Of course there is credence to a film that portrays an individual’s ability to move on from a relationship–but my singlehood is greatly enhanced by a movie that takes quite the opposite trajectory, The Notebook.  
 
It’s the ultimate satisfying narrative: girl meets boy, girl and boy fall madly in love, girl and boy separate, girl and boy are passionately reunited, girl and boy live happily ever after into adorable old age. 

 
As a viewer, we never feel bad for Allie’s fiancé–or at least no lasting moral discomfort once the movie’s done. We walk away feeling that all loose threads have been tied, and that the means bringing Noah and Allie together were justified by the (happy) end. 
 
Bad chick flicks, on the other hand, leave threads dangling. For example, Something Borrowed (2011) starring Ginnifer Goodwin, Kate Hudson, Colin Egglesfield, and John Krasinski.  
 

http://www.youtube.com/watch?v=4qlMqqc7YdE 
 

The set-up of the movie is not so different from The Notebook at first glance. Goodwin’s character, Rachel, has been in love with Egglesfield’s Dex—a close guy friend–ever since law school.

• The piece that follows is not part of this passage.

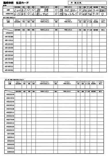臨時休校中の生活カード
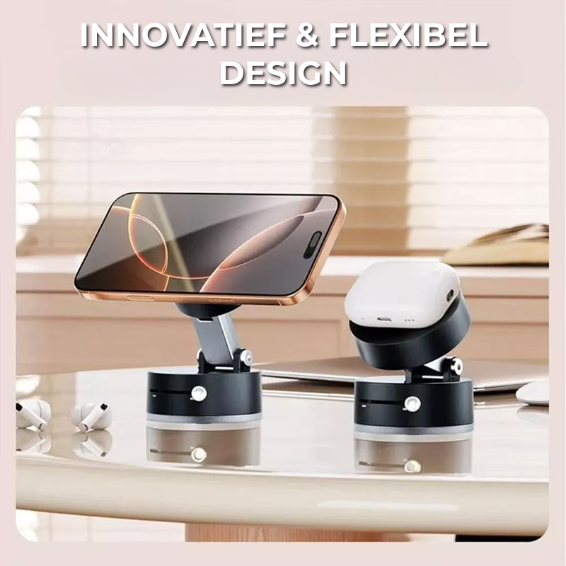 Dankzij de revolutionaire vacuümtechnologie bevestig en verwijder je je telefoon in een handomdraai. De dubbele as maakt het mogelijk om de houder in te klappen, uit te schuiven en perfect af te stellen voor elke situatie.

We find out early on that the feeling is mutual. OMG YES! 

 
Sound like a recipe for sweet romance, right?

Wrong. Dex is engaged to Rachel’s childhood best friend Darcy (Kate Hudson.) All of the satisfaction that the viewer could possibly feel in Dex and Rachel admitting their feelings and um sleeping together is cancelled out. Not because they are conducting an illicit affair, that happened in The Notebook and nobody cared, but because the affair constitutes a betrayal of friendship. 
 
Although Rachel and Dex end up together, it is at the entire expense of Rachel and Darcy’s friendship. A bond that in modern society we clearly privilege over the principle of monogamy even where true love is concerned. Two strong beliefs of the modern woman: that we are entitled to true love, and that we should stay true to our best friends are in conflict in Something Borrowed.  One or the other has to give, leaving us with no warm fuzzy feeling upon Rachel and Dex’s union at the end of the film. 
 
Halfway through watching this “rom com” later deemed bad chick flick, my roommate and I exchanged glances. “This is terrible,” one of us complained. However, we stayed glued to the screen hoping with all of our Jane Austen loving hearts that it would get better. It didn’t. 
 
We sat in silence as the credits rolled.

“Maybe it’s supposed to be a comment on modern love…” I volunteered. 
 
“I really hope not,” my roommate responded.

Neither of us are willing to give up The Notebook dream. Can’t we have it all without the moral scruples? Maybe, but sometimes not. Sometimes reality steps in to say “hey, you have to make tough choices.”  
 
As far as movies go, however, I think I’ll stick to the feel-goods.